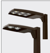
PRV / PRV-XL Prevail
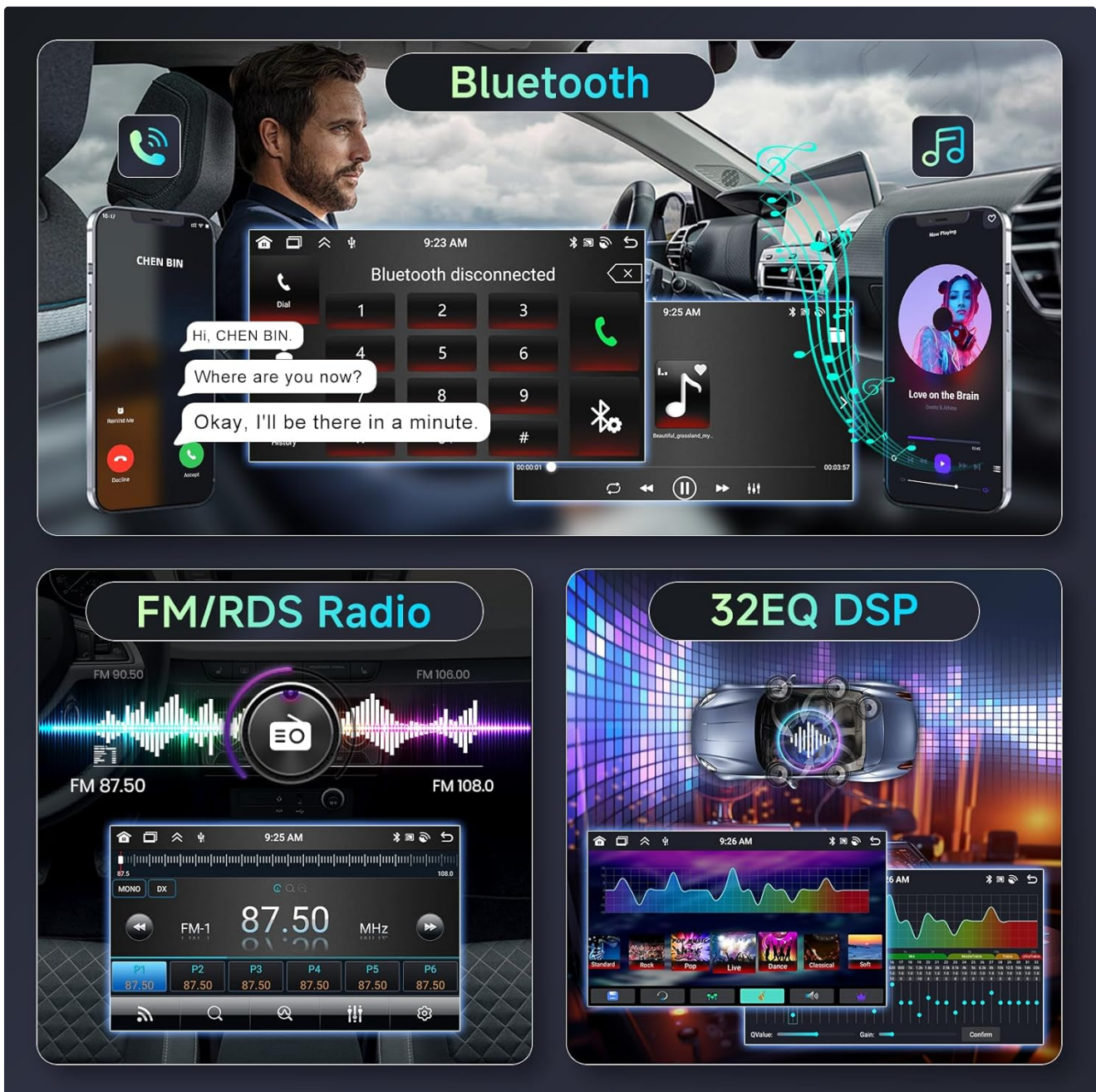
Image: Bluetooth, FM/RDS Radio, and DSP. This image highlights the Bluetooth hands-free calling feature, the FM/RDS radio interface for tuning into stations, and the 32-band Digital Sound Processor (DSP) for audio customization.
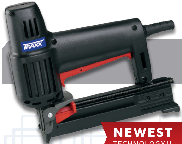
Part No. TTX-PP5418

Engineered with a fiberglass-impregnated composite housing, the TRAXX 5418 brings you tremendous impact resistance. And, its bumper design dissipates recoil when driving staples for total user comfort.
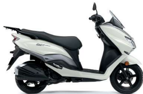
Pearl Mirage White (YPA)
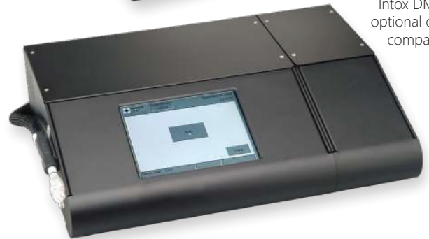
Intox DMT with optional dry gas compartment
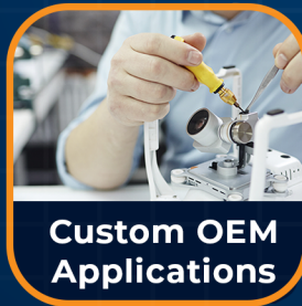
Custom OEM Applications
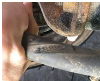
Fig 5: Damaged brake hose

Additionally, 19% of trailer braking system and component defects are due to an ineffective, insecure or missing locking device on a brake rod/linkage/slack adjuster, etc!
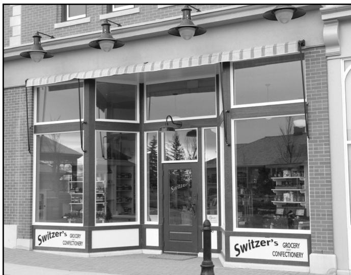
Switzer's Grocery, Heritage Park, Calgary, 2009.

* * * * * * * * *

▶ Exercise requirements: Each entry gets copied exactly; the pictures stay out.

▶ Answer:
PRV / PRV-XL Prevail
Image: Bluetooth, FM/RDS Radio, and DSP. This image highlights the Bluetooth hands-free calling feature, the FM/RDS radio interface for tuning into stations, and the 32-band Digital Sound Processor (DSP) for audio customization.
Part No. TTX-PP5418

Engineered with a fiberglass-impregnated composite housing, the TRAXX 5418 brings you tremendous impact resistance. And, its bumper design dissipates recoil when driving staples for total user comfort.
Pearl Mirage White (YPA)
Intox DMT with optional dry gas compartment
Custom OEM Applications
Fig 5: Damaged brake hose

Additionally, 19% of trailer braking system and component defects are due to an ineffective, insecure or missing locking device on a brake rod/linkage/slack adjuster, etc!
Switzer's Grocery, Heritage Park, Calgary, 2009.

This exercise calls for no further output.